TASK DIRECTIONS: Nothing but the pictures may be dropped; the rest of the listing is to be written out exactly.
(STORED DATA)
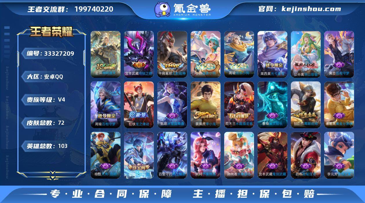 实名: 可修改 性别: 男号 贵族等级: V4 英雄数: 103 皮肤数: 72 传说皮: 久胜战神,地狱之眼,神树通天 限定皮: 李小龙
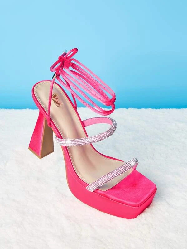 รองเท้าแตะรัดส้น ตกแต่ง พลอยเทียม แพลตฟอร์ม ส้นหนา l-26
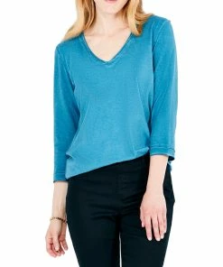 - 3/4-Sleeev Roll V T-Shirt In Deep Marine
(End STORED DATA)
WORKED SOLUTION:
 实名: 可修改 性别: 男号 贵族等级: V4 英雄数: 103 皮肤数: 72 传说皮: 久胜战神,地狱之眼,神树通天 限定皮: 李小龙
 รองเท้าแตะรัดส้น ตกแต่ง พลอยเทียม แพลตฟอร์ม ส้นหนา l-26
 - 3/4-Sleeev Roll V T-Shirt In Deep Marine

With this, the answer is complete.